- Directed by: Swarup Ghosh
- Produced by: Raj Vasoya
- Starring: Sidharth Gupta; Shivani Thakur; Zarina Wahab; Govind Namdev;
- Cinematography: Jatan Prajapati
- Edited by: Tapos Ghosh
- Music by: Somen Kutty Sarkar
- Production company: Rudraksh Telefilms
- Distributed by: Reliance Entertainment
- Release date: 22 September 2023;
- Country: India
- Language: Hindi

= The Purvanchal Files =

The Purvanchal Files is a 2023 Indian Hindi language action-drama film featuring Sidharth Gupta, Zarina Wahab. The film was directed by Swarup Ghosh, in what is his Hindi film debut. Raj Vasoya produced the film. Rajendra Tripathi wrote the story and screenplay, and Nisar Akhtar wrote the compelling lines that give the story a sense of urgency and purpose. Simon Sarkar Kuti wrote the music and background score.

== Synopsis ==
This is the story of a police officer’s fight for justice and his mission to cleanse the corrupt system in Purvanchal. Set in the eastern region of Uttar Pradesh, the narrative unfolds against a backdrop of rampant crime and corruption.

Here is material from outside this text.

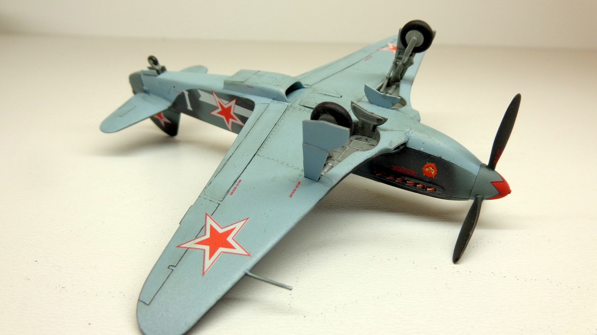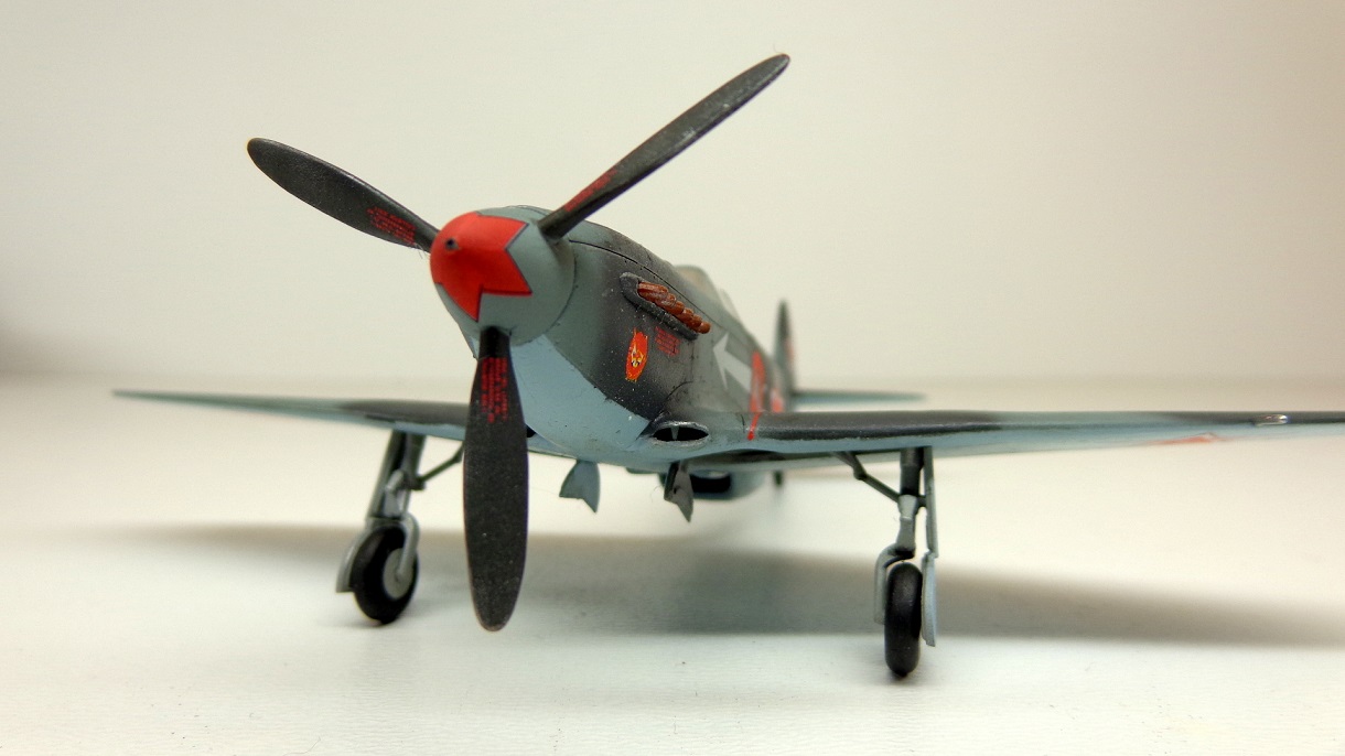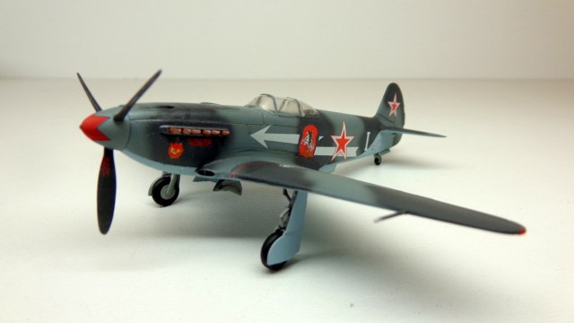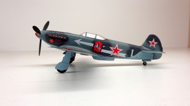 В целом Як очень симпатично получился. Элегантен, красив, стремителен. О недостатках уже сказали. Все таки цвет самолета смотрится зеленоватым, а не серо-голубым. Про слишком размытые границы тоже говорили. Бронестекло У Яка должно быть в обойме (фото №13), а не выглядеть куском плексеглаза (фото № 15). Хотя эти вещи трудно делать, уж боль маленькая модель.
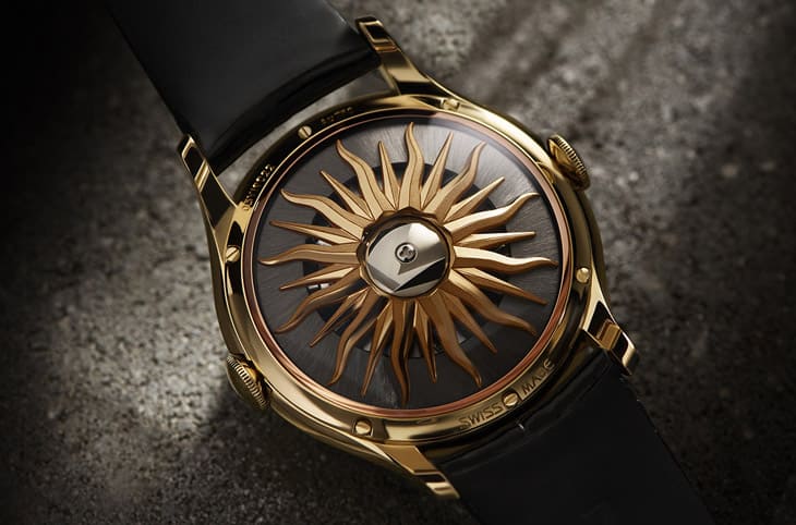 面盤上露出部分的機芯結構之餘,翻到錶背所呈現的畫面可能跟原本預期的不太一樣,因為透明底蓋之下並沒有露出機芯密致的板件結構,反而只見偌大的太陽形狀自動盤以及機芯背面側周圍的深灰色機板,精緻立體的自動盤呈現有機線條造型,這種放射狀的造型和小錶盤的波浪指針隱隱有彼此對應的味道。

DSP Ritesh Pandey takes charge of Ghazipur city, determined to free it from the grip of gang wars, criminal networks, and political exploitation. The city lives under the shadow of MLA Abhisar Rana and his son, whose unchecked power and brutality dominate both the system and the streets.

Ritesh Pandey, known for his honesty and integrity, stands firm against Rana. Their clash becomes more than a personal rivalry—it is a battle of principles, where truth and justice confront tyranny and corruption.

==Cast==
- Sidharth Gupta as DSP Ritesh Pandey
- Shivani Thakur as Reporter Ragini
- Zarina Wahab as Ritesh Pandey's Mother
- Govind Namdev as Vidhayak (MLA) Abhisar Rana
- Mukesh Tiwari as Inspector Vikram Rathod
- Hemant Pandey as Constable Dayashankar Pandey
- Amita Nangia as Govind Namdev's Wife
- Heramb Tripathi as Govind Namdev's Son

== Production ==
Filming took place in Mumbai, Mirzapur (Uttar Pradesh), and Nainital.

== Reception ==
A review at TalkiesCorner described the film as "a gripping crime drama that takes viewers on a roller-coaster ride through the underbelly of Uttar Pradesh’s crime-infested Purvanchal region."
FilmInformation found that it was "a decently made film but it will not be able to do much at the turnstiles because of lack of face value and poor marketing." Another review insisted that "Although it’s a Hindi movie, there is a touch of the local regional language of the Purvanchal region.”